SUMMARY: graceful removeal of swap

From: FXCM - <>
Date: Wed Oct 12 2005 - 17:29:57 EDT
Hi All,

Thanks for all the responses. 

Large majority of people stated that swap -d does as graceful an exit
as possible - if any pages can't be moved to memory or another swap
partition it will fail. Several people suggested making a temporary file
swap if no other swap device exists (which in my case it wouldn't).
Borrowed from Daryl Mitchell's response:

mkfile <size> <filename>
swap -a <filename>

swap -d <original swap>
rebuild swap slice under disksuite/md
swap -a <new md swap)

amend vfstab

This is indeed what I ended up doing, as I didn't want to rely
exclusively on memory, although I probably could have, but one can never
be too safe, and the work required is minimal. 

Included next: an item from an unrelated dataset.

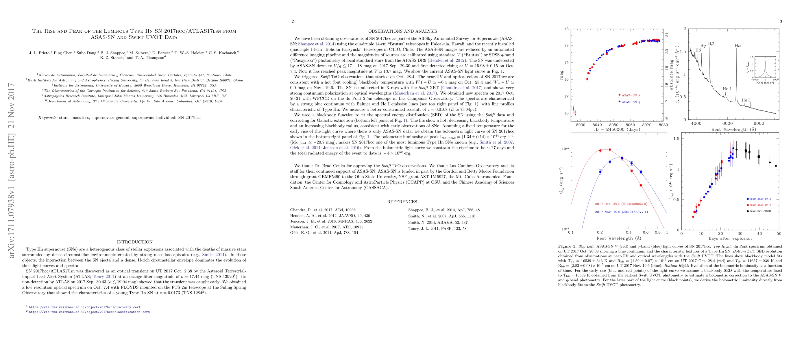 We present observations of the rise and peak of the Type IIn supernova SN 2017hcc/ATLAS17lsn obtained by the All-Sky Automated Survey for Supernovae (ASAS-SN) and Swift UVOT. The light curve of SN 2017hcc/ATLAS17lsn peaks at $V\simeq 13.7$ mag, which from the estimated redshift of the host galaxy ($z=0.0168$, $D\simeq 73$ Mpc) implies an absolute peak magnitude $M_{V,peak} \simeq -20.7$ mag. The near-UV to optical spectral energy distribution of SN 2017hcc/ATLAS17lsn from Swift UVOT is consistent with a hot, but cooling blackbody with $\rm T_{bb}\simeq 16500$ K on Oct. 28.4 and $\rm T_{bb} \simeq 11700$ K on Nov. 19.6. The estimated peak bolometric luminosity $L_{bol, peak}\simeq 1.3\times 10^{44}$ erg s$^{-1}$ makes SN2017hcc/ATLAS17lsn one of the most luminous Type IIn supernovae studied to date. From the bolometric light curve we constrain the risetime to be $\sim 27$ days and the total radiated energy of the event to date is $4\times 10^{50}$ erg.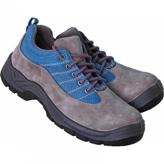 - wykonane ze skóry bydlęcej welurowej w szarym kolorze połączona z niebieską siateczką w górnej części buta

Also, a few people asked why on earth I would want to mirror swap. Good
question, and our original position had been not to mirror, but that was
wrong for 2 very important reasons:

1 - hot swapping after complete disk failure
2 - crash dumps after complete disk failure

1 is impossible without a reboot if the disk that failed contains the
swap partition - it can't be deleted because of I/O errors, so the disk
itself can't be nicely removed from the OS, at least to my knowledge. 2
dump will obviously be unable to generate, unless of course the drive is
replaced before the first boot after the crash, but those chances are

Below is my original question - thanks again for the help - has worked
like a charm so far.

We have several Solaris 8 systems running DiskSuite that do not have
swap partitions, and would like to change them to be mirrored in case
complete disk failure. If possible, it would be nice to change them

 My concern is that a simple swap -d will abrubtly remove swap and all
existing pages may be lost, which would not be nice for our production
applications. Is there a more graceful way of removing existing swap,
the swap -d command take care of that?